Over time he developed a very good reputation for good quality innovative products, and the products became known as the Harvard apparatus. So that's where the company's name came from. We have used the Harvard Apparatus name for 100 years. Back in about 1980 we started using the name Harvard Bioscience, and when we filed to go public in August of 2000 we formally changed the legal name of the company from Harvard Apparatus to Harvard Bioscience because the business has grown significantly since its roots at the Harvard Medical School. Today physiology is not our main business. We have two main areas we focus on. One is what today is called ADMET screening, which is an area that's not familiar to everyone. ADMET stands for absorption, distribution, metabolism, elimination and toxicology. It's really the testing of drugs that goes on in the late stages of drug development before you go to animal trials, and before you go to clinical trials. That's where a big part of our business is today. It's new products, new technologies for doing ADMET screening of drugs by pharmaceutical and biotech companies that enables them to weed out early on in the process compounds that have bad toxicological side effects, or are unlikely to be absorbed well in the body - that's the A part of ADMET - unlikely to be distributed around the body to the correct tissues – that’s the D part of ADMET, or may be metabolized into a toxic form, or maybe not metabolized at all, in which case it's maybe hard for the body to eliminate them, and that's important. If you don't eliminate a drug from your body, eventually its concentration will build up to toxic levels. So ADMET screening is really one of our most important markets.

We think we're well positioned in that market. We believe we are the market leader in that area. If you look at our competing companies they tend to be significantly smaller than us. Its really that part which traces its roots all the way to 1901 because a lot of physiological experiments were done on animals, and most of the history of ADMET tests has been done on animals. Where we're a little different is we've commercialized a range of new assays that either avoid or reduce the use of animals, in particular in toxicology screening, but also in absorption screening and distribution screening.

TWST: How big is this marketplace that you're addressing?
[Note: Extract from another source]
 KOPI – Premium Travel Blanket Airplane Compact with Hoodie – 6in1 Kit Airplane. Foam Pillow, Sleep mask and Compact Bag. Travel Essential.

Mr. Green: That's a good question because you'll hear a lot of people talk about $50 billion. I'm sure you've come across that number as being a number that people say this is the R&D spending of drug companies, and that's our market size. I don't really think that's true. First, the $50 billion is what pharmaceutical companies spend on R&D, and that includes the cost of their scientists. What they actually purchase from vendors, such as ourselves, and other tools for drug discovery companies is, and this is really just a guestimate, probably more in the $15 billion range. It's still a big market, but it's not the $50 billion a lot of people talk about, and within that, there are an awful lot of things that pharmaceutical companies do in research. So you really have to get very, very focused before you can define a market size for specific products.
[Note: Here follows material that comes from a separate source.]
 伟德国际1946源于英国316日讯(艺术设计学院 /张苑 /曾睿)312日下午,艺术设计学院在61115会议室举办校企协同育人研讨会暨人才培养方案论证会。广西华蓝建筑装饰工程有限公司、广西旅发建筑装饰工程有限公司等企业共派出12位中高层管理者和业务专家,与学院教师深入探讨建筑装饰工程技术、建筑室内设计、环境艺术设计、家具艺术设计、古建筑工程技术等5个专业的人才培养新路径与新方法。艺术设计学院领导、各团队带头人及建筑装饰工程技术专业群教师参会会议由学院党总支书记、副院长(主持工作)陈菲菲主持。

According to BCC (Business Communications Company, Inc.) the markets for in vitro screening, which is outside of animals, in cells, tissues, cultures, organs, things like that, is about a $200 million market. We do not know of any market research report on the size of the market for products used for doing in vivo research but we believe it is probably in a similar range.

TWST: Is that the size of the market you're addressing?
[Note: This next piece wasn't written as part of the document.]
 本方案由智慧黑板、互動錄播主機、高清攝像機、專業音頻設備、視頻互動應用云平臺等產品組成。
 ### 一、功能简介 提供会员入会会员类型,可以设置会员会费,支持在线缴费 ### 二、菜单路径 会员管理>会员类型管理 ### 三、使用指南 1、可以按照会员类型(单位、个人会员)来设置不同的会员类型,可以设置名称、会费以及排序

Mr. Green: For the ADMET part of our business, yes. I haven't talked about the other significant part of our business, the proteomics business.

TWST: Are you the largest factor in that marketplace?

Mr. Green: Correct. It's a very fragmented marketplace. We believe that by some margin we are the largest player in that marketplace, the tools for ADMET screening.

TWST: Why is it so highly fragmented?

Mr. Green: Well, traditionally, the way this piece of the industry has evolved, and it's quite true of a lot of the other pieces of the industry too -- and by industry I mean tools for drug discovery -- is that most things were invented by academic researchers. They were working on a new problem. They invented some new piece of equipment that helped to solve their problem, and then some of them then got into business by themselves. Those people typically have been very good at inventing, and typically have not been very good at sales and marketing, or manufacturing, for that matter. So the industry is full of lots of small companies, that’s why it is so fragmented.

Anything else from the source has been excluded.